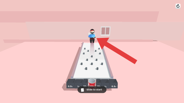 1、呈现的是游戏内的一个关卡场景,有忍者角色、陷阱飞刀阵,界面有【Slidetostart】提示,属于休闲益智类,以操控忍者躲避飞刀等障碍为玩法。
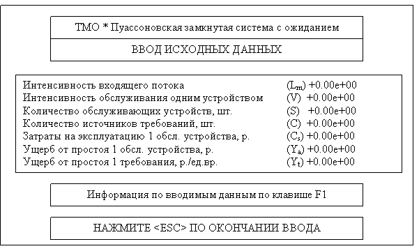 В зависимости от характера системы пользователь должен выбрать нужную альтернативу — систему 1, 2, 3, 4. Система 1 — это пуассоновская система, замкнутая, (с ограниченным числом обслуживающих приборов) с ожиданием. Для того чтобы воспользоваться соответствующей программой надо ввести следующие данные. Пользовательский интерфейс ввода данных по данной подпрограмме (замкнутая система МО с ожиданием) показана на рис. 2.
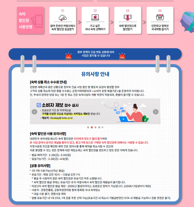 국내 여행을 계획 중이라면? 선착순 30만 장 숙박 할인권을 놓치지 마세요!
· · · · ·
> Work request: Apart from the pictures, restate all of the listing above exactly.

> Response box:
 1、呈现的是游戏内的一个关卡场景,有忍者角色、陷阱飞刀阵,界面有【Slidetostart】提示,属于休闲益智类,以操控忍者躲避飞刀等障碍为玩法。
 В зависимости от характера системы пользователь должен выбрать нужную альтернативу — систему 1, 2, 3, 4. Система 1 — это пуассоновская система, замкнутая, (с ограниченным числом обслуживающих приборов) с ожиданием. Для того чтобы воспользоваться соответствующей программой надо ввести следующие данные. Пользовательский интерфейс ввода данных по данной подпрограмме (замкнутая система МО с ожиданием) показана на рис. 2.
 국내 여행을 계획 중이라면? 선착순 30만 장 숙박 할인권을 놓치지 마세요!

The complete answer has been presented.